Il existe d’ores et déjà des équipes qui ont permis, par des mesures comportementales et physiologiques, de détecter les états attentionnels dégradés des conducteurs. Une étude a même créé un algorithme de détection de la distraction à l’aide de données oculaires et de conduite pour détecter la distraction du conducteur avec des taux de détection excellents (> 96% ; Liang et al, 2007). Les systèmes actuels détectent la distraction au volant mais aucun système ne permet encore de détecter l’inattention liée au vagabondage de la pensée. Je souhaite ainsi mettre ces méthodes à contribution pour arriver à progresser sur cette question.
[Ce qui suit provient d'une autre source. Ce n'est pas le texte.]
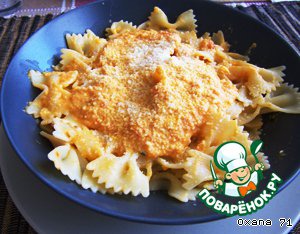 Фарфалли смешиваем с соусом, посыпаем сверху тёртым сыром "Пармезан".
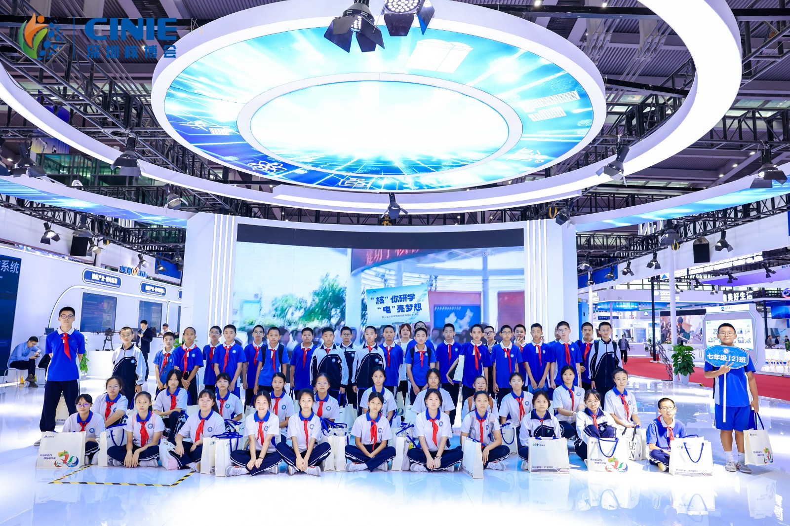 9时整,专车缓缓停靠在深圳会展中心前,镜头定格了他们青春的脸庞和对知识的渴望。随后,通过预留的贵宾通道,学生们踏入了这座科技与梦想交织的殿堂。会展中心内,60,000平方米的展览空间被精心布置成多个区域,从大国重器主题展区到新品发布区,再到核能科普展区,每一处都散发着科技的魅力,吸引着学生们的目光。
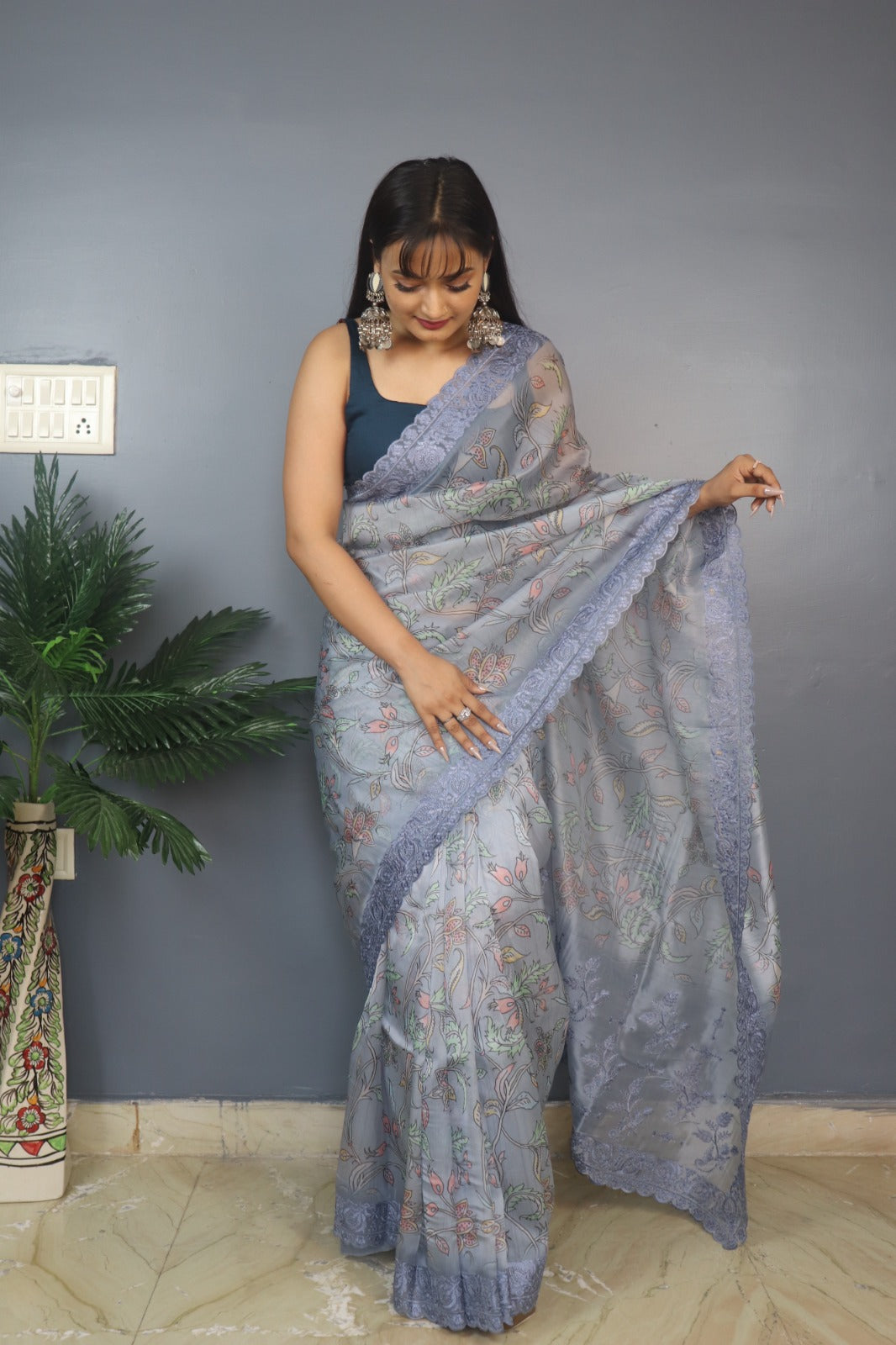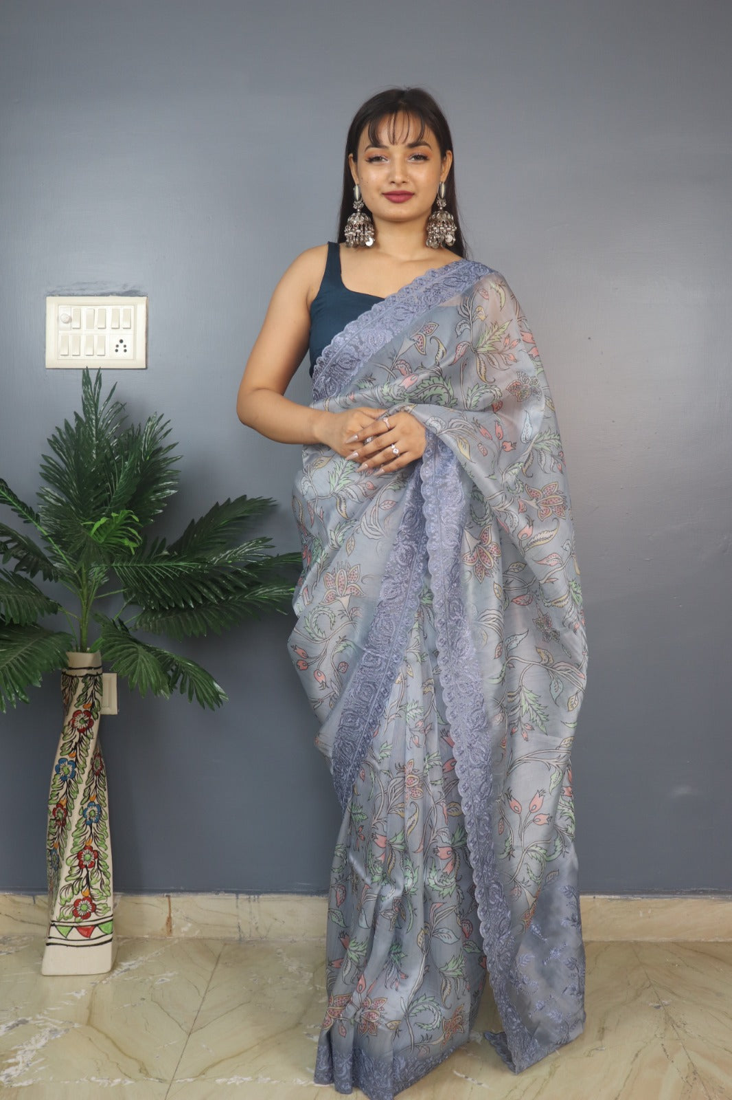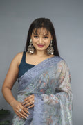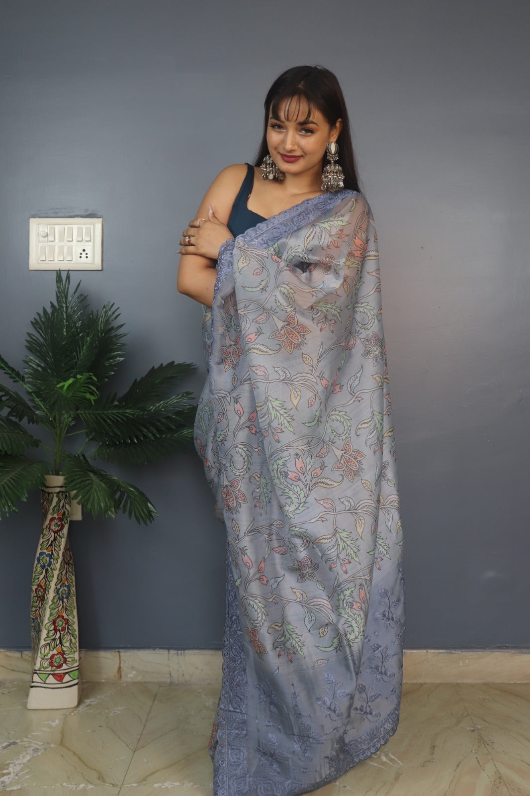 Pure soft organza silk saree with all over beautiful kalamkari prints and beautiful embroided pallu with elegant border all over saree with work blouse
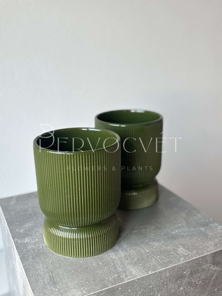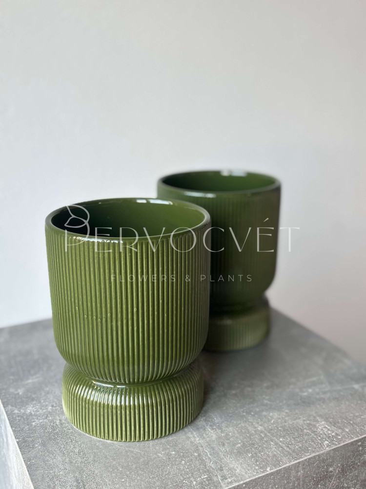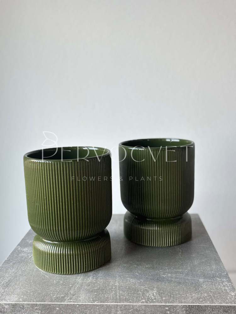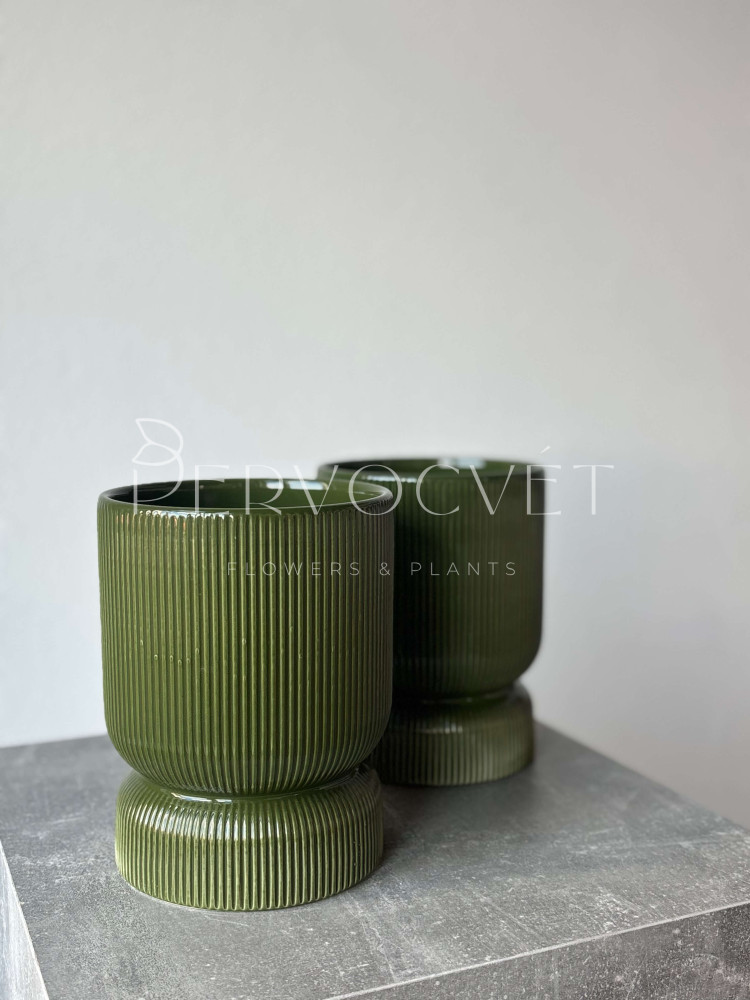 Характеристики: керамическое кашпо, в зеленом цвете, глянцевое в полосочку
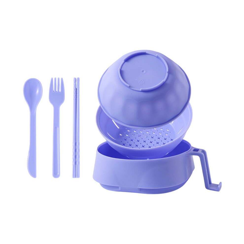 (Solid Color, Purple - 1 Count) Microwave Safe Instant Noodle Bowl & Tableware Kit, Bowl with Fork, Spoon, Chopsticks, Lunch Box for Student, Dinnerwa
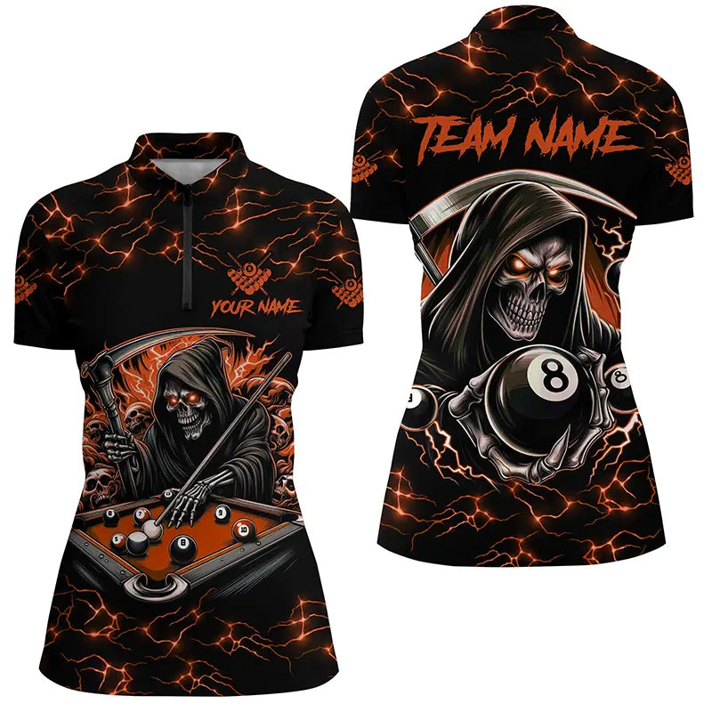 Orange Funny Death Skeleton 8 Ball Pool Women Billiard Shirts Custom Name Lightning Billiard Jerseys TDM2828
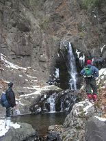 十丈の滝を目指し、林道を進むと 右側に現れる滝です。 この林道沿いには 名前があったりなかったりする滝が いくつも流れていますが その中で、なかなかきれいな滝の 一つに入ると思いました。 |
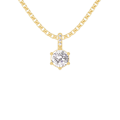 « L'ATELIER » N. 405291Ciondolo Oro giallo 18 carati - Diamante di laboratorio Rotonda 0.3 Carati - Incastonatura Diamante di laboratorio - Catena Veneziana 4.6
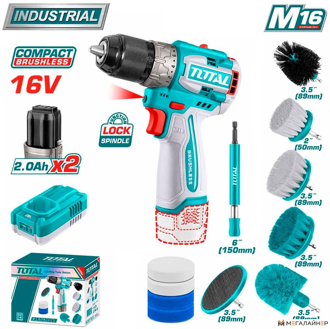 - Аккумулярторная дрель-шуруповерт - 1 шт.; - Аккумулятораная батарея TFBLI1620 2,0 Ач - 2 шт.; - Зарядное устройство TFCLI1613 1,3 А - 1 шт.; - Удлинитель 150 мм - 1 шт.; - Щетки - 11 шт.; - Инструкция;; - Коробка.
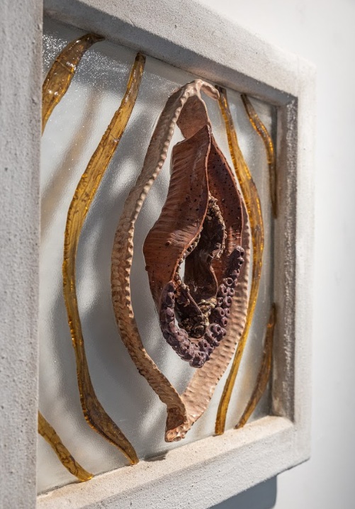 Entre las figuras que aparecen en las piezas, hay algunas que evocan a una vulva aunque la artista la señala también “como una barca”, y añade que la femenidad no es ajena a toda esta exploración personal a través de los materiales: “Para mí es un homenaje muy personal a todas las mujeres de mi entorno, de toda mi vida, en especial a una amiga que ya no está, que fue una maestra mía y con la que aprendí mucho del arte. Aprendí una cosa que para mí es muy importante, que es de lo que habla la muestra, que es cómo compaginar el ser artista con la crianza, con la maternidad, con el trabajo, con el sostener el resto de la vida”.
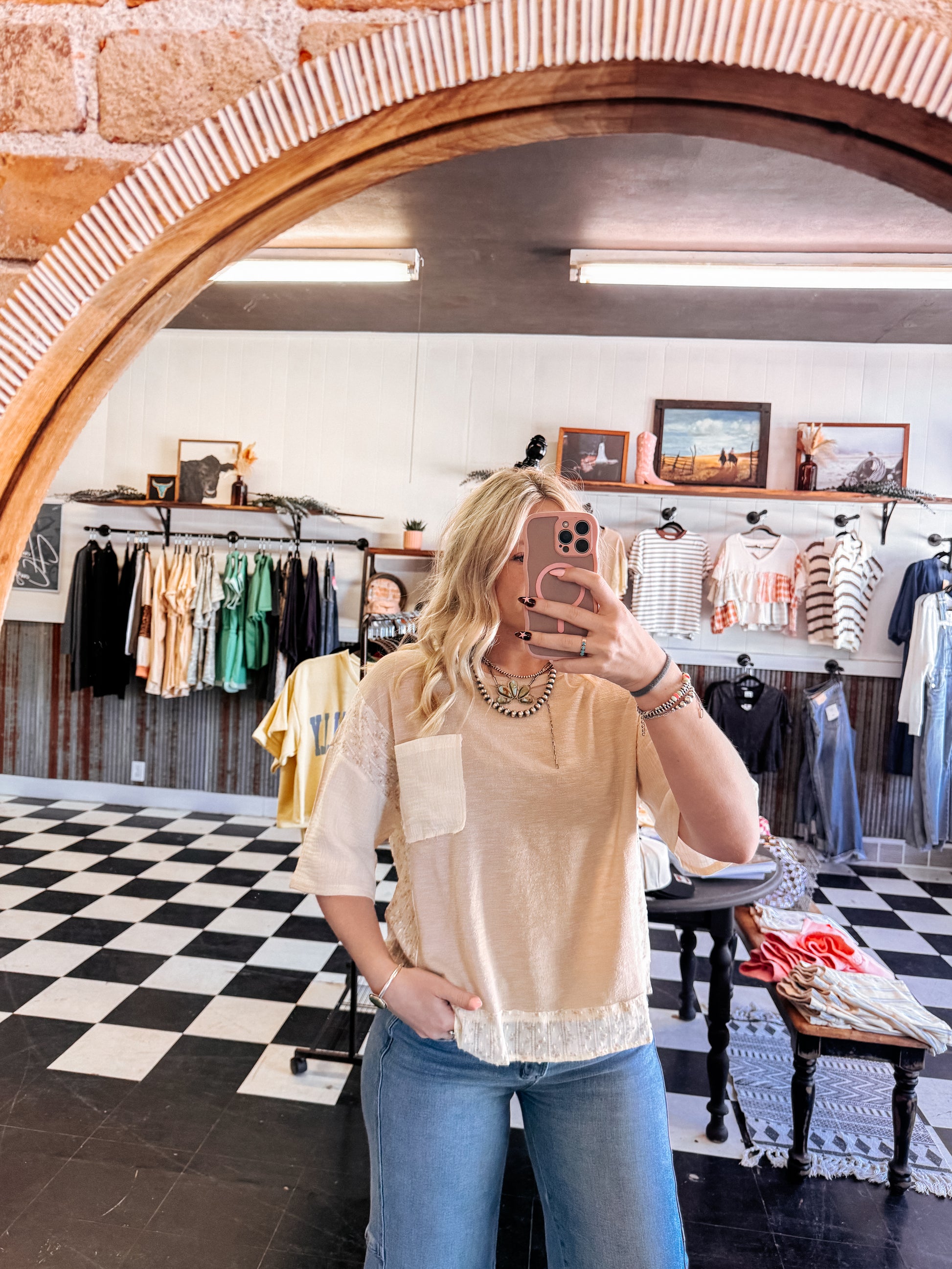 Beige floral detail top

3.4.1 La mesure de l’activité cardiaque et de la respiration

Ces techniques permettent l’étude de l’influence des émotions sur les régulations opérées en conduite automobile. Elles permettent d’examiner l’impact des émotions sur les processus cognitifs sollicités en étudiant les réactions physiologiques associées. De même, à un niveau plus cognitif, à partir des mesures du rythme cardiaque et de la respiration, l’effort cognitif du conducteur peut aussi être évalué. En effet, la mesure de l’effort cognitif par la variation du rythme cardiaque (VRC) a été plusieurs fois mise en évidence (Kaiser et al. 1996). Pour attester de sa validité, un parallèle a été fait avec les variations cérébrales simultanées et de très fortes corrélations ont été mises en évidence entre VRC et les potentiels évoqués cérébraux (Braboszcz et al., 2011). En revanche, pour des raisons physiologiques, il existe des liens forts entre rythme cardiaque et respiration. Ce phénomène est appelé Arythmie Sinusale Respiratoire (ASR). Afin d’améliorer la sensibilité de cet indicateur d’effort cognitif, il convient donc de supprimer du signal cardiaque l’influence de la respiration. Une technique de modélisation de la respiration a été validée (Choi et al., 2011). Il convient donc maintenant de savoir si la VRC corrigée de l’influence de la respiration est un indicateur suffisamment sensible pour permettre de détecter en temps réel l’effort cognitif. Par ailleurs, compte tenu du développement très rapide des techniques de mesures sans contact de l’activité cardiaque (par analyse de flux vidéo issus de caméras optiques par exemple), il est important de développer nos connaissances autour de ces méthodes.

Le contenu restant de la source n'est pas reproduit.